## What you have to do
The output must match the lines from the first line of the listing below through the line holding "2021年1月27日,坡头区" exactly and must contain no pictures.

Start of Block

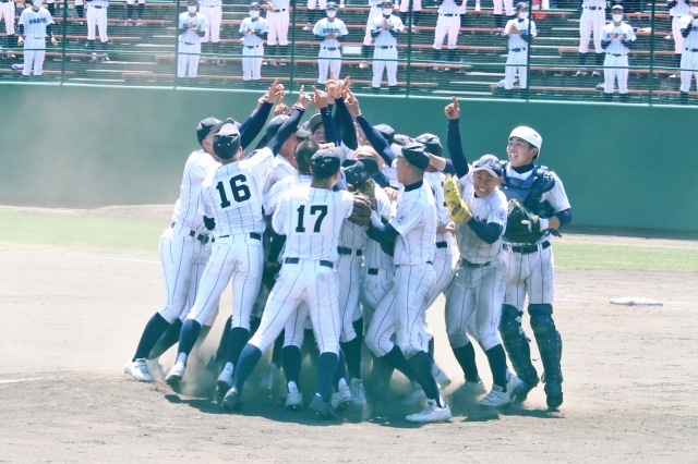 初優勝が決まり、マウンド付近で人さし指を突き上げ、喜びを分かち合う産附の選手たち=13日、長岡市の悠久山球場 (2021/05/13)
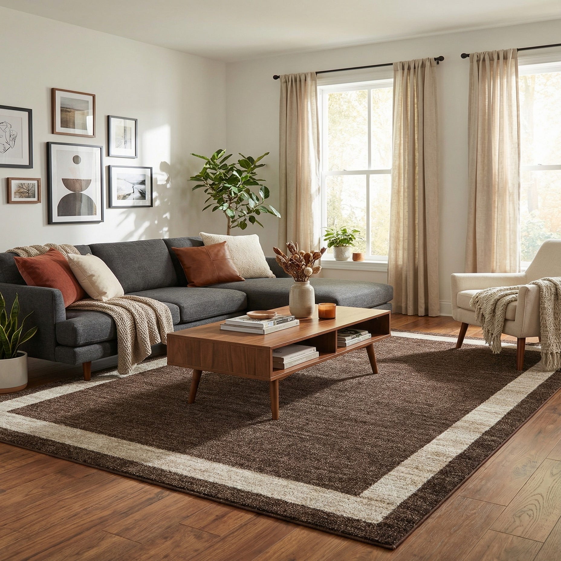 Primary color is Brown. Colors in this rug include: Brown, Ivory.
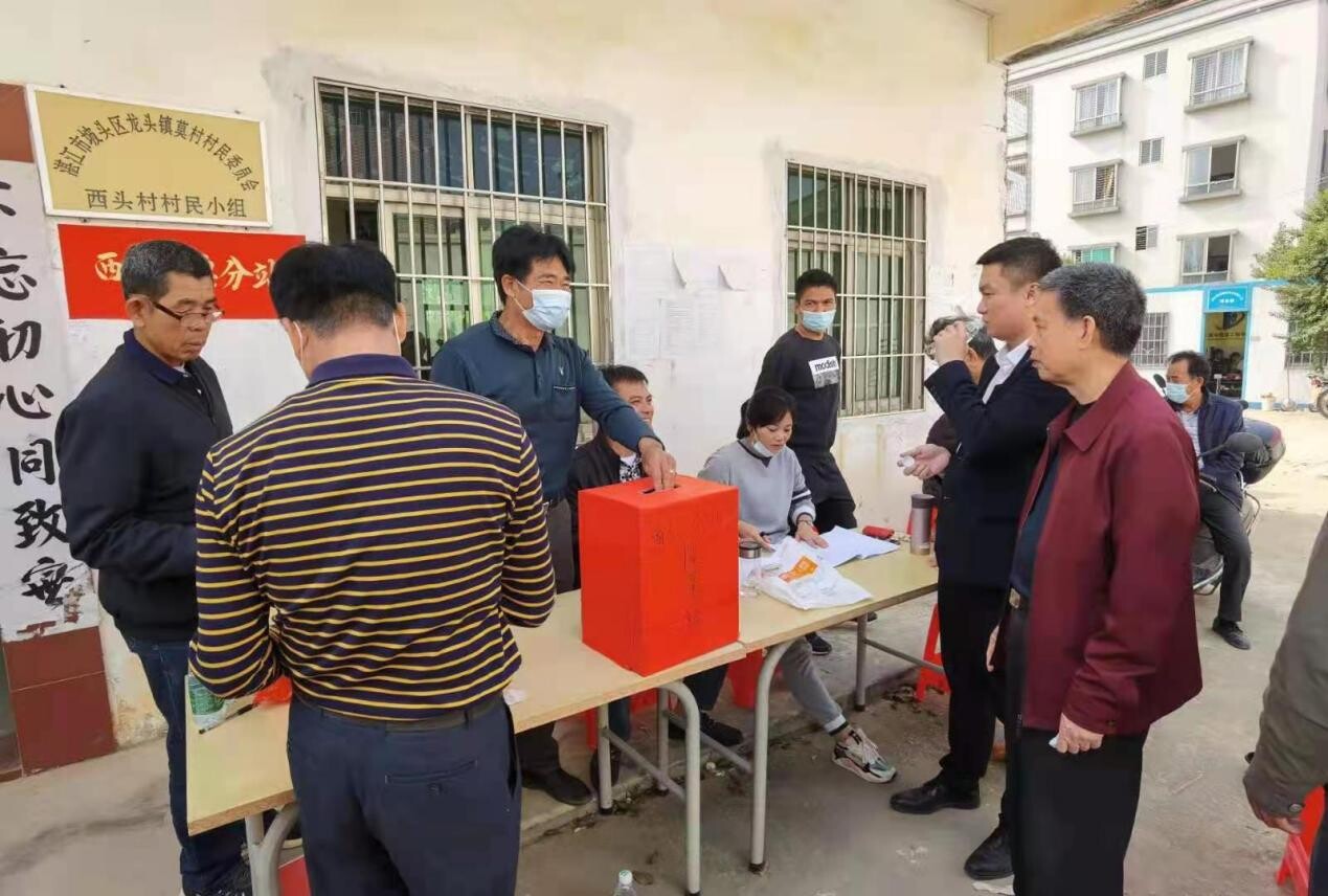 2021年1月27日,坡头区“两委”换届选举观察小组在龙头镇莫村村委会西头村民小组分投站观察投票情况
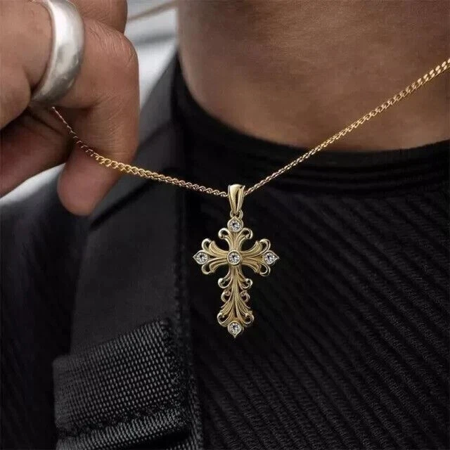 Occasion: Anniversary, Birthday, Christening, Christmas, Confirmation/Communion, Engagement, Father's Day, Graduation, Mother's Day, Valentine's Day, Wedding Color: Yellow Pendant Shape: Cross Pendant/Locket Type: Charm Main Stone Creation: Simulated Type: Pendant Style: Pendant UPC: Does Not Apply Metal: Sterling Silver Secondary Stone: NA Main Stone Shape: Round Metal Purity: 925 Wholesale: Yes Country of Origin: Unknown Theme: Beauty Seller Notes: ““Freshly made on order with quality and buyer satisfaction. No old stocks.”” Antique: No Handmade: Yes Main Stone Treatment: Unknown Cut Grade: Excellent Main Stone Color: White Personalize: Yes gtin13: Does Not Apply Customized: Yes Country/Region of Manufacture: India Seller Warranty: Yes Closure: Spring Ring Material: Stone, Metal Number of Gemstones: 00 Setting Style: Prong Chain Type: Cable Base Metal: Yellow Gold Plated Brand: sp_jewels Main Stone: Simulated Diamond Vintage: No
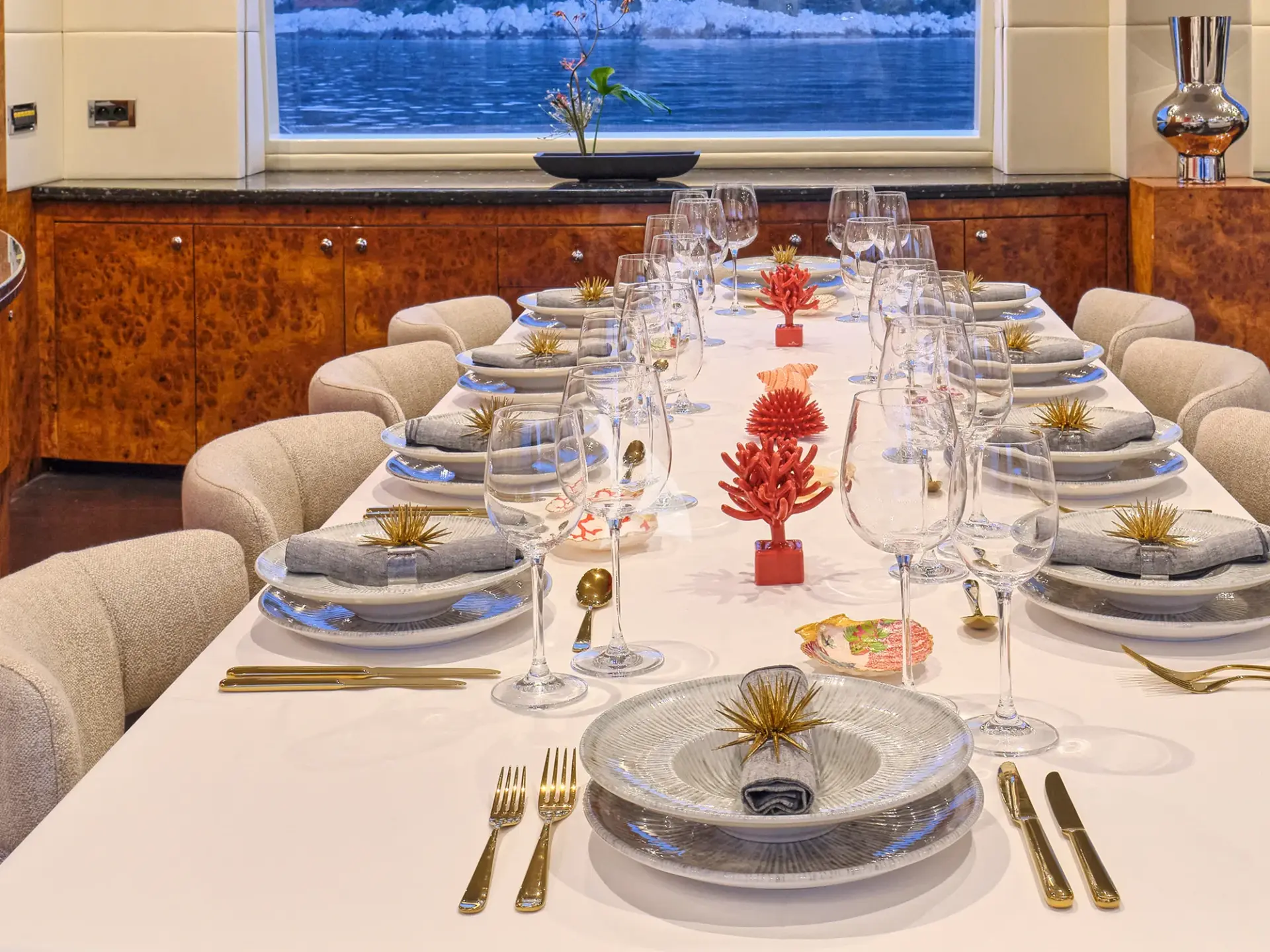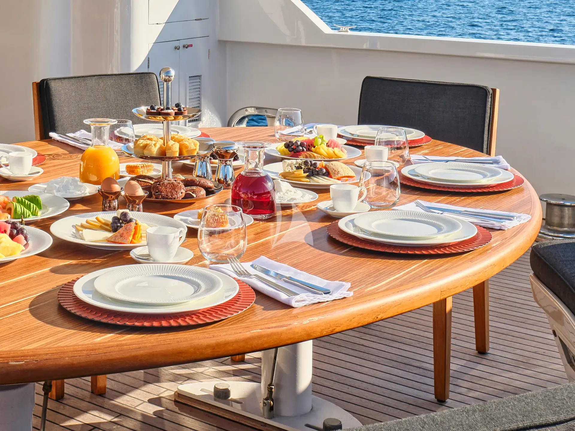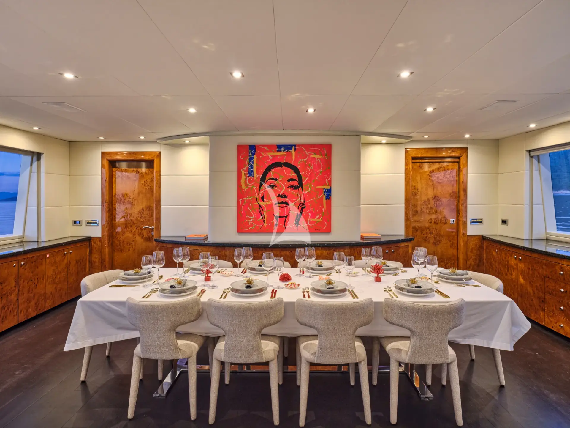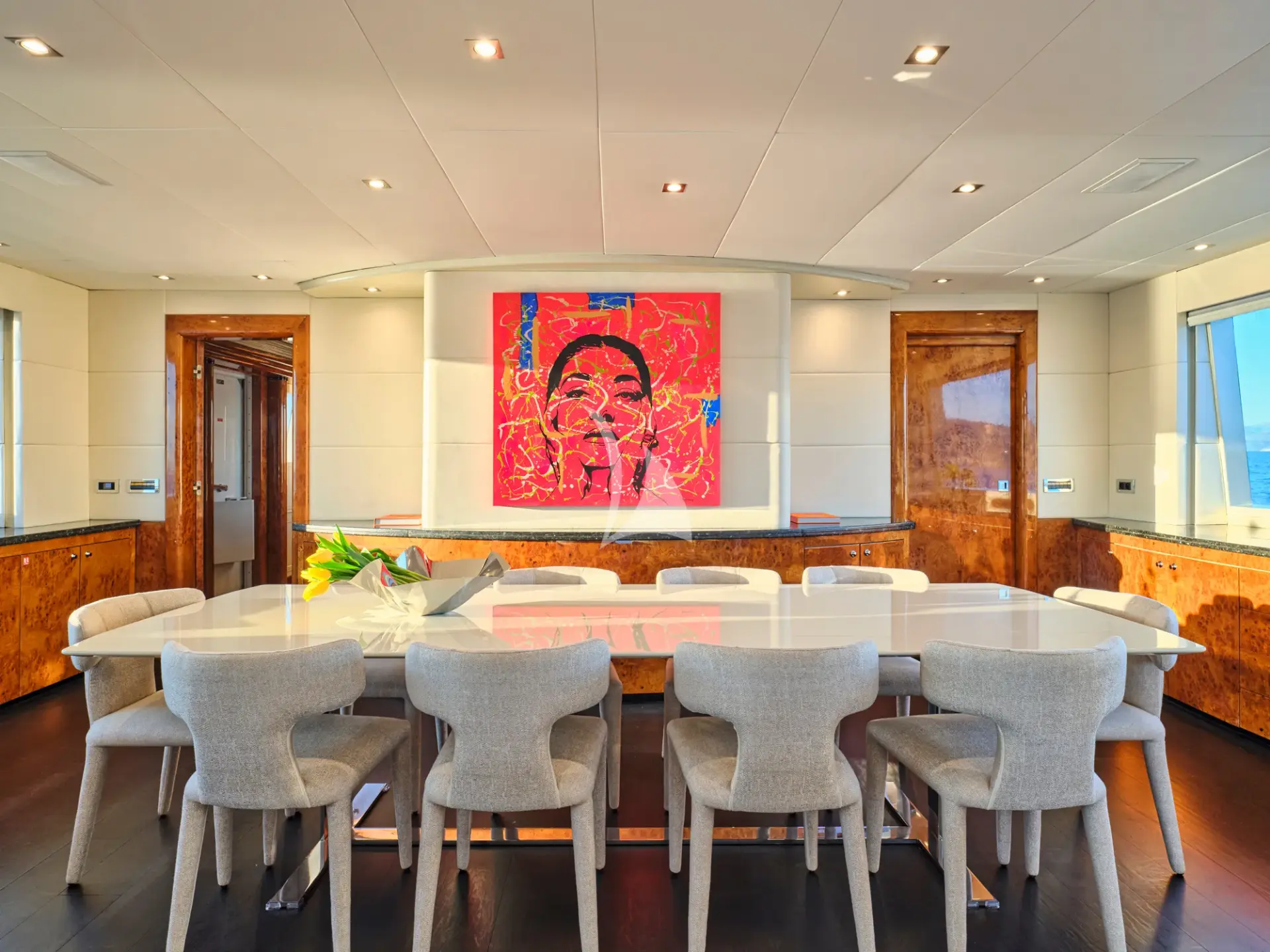 She boasts a swim platform, making accessing the crystal-clear waters of the Mediterranean effortless. BROOKLYN is the perfectly sized vessel for family holidays on the water boasting five spacious staterooms that can be configured to sleep up to 10 guests. Her voluminous full-beam Master Suite on main deck with sauna includes a luxurious en-suite bathroom with a sauna and a separate area that can be used as an office . Her remaining VIP, Double, and Twin Staterooms ensure guests enjoy the height of luxury, privacy, and exclusivity.

End of Block

## Exercise solution
 初優勝が決まり、マウンド付近で人さし指を突き上げ、喜びを分かち合う産附の選手たち=13日、長岡市の悠久山球場 (2021/05/13)
 Primary color is Brown. Colors in this rug include: Brown, Ivory.
 2021年1月27日,坡头区“两委”换届选举观察小组在龙头镇莫村村委会西头村民小组分投站观察投票情况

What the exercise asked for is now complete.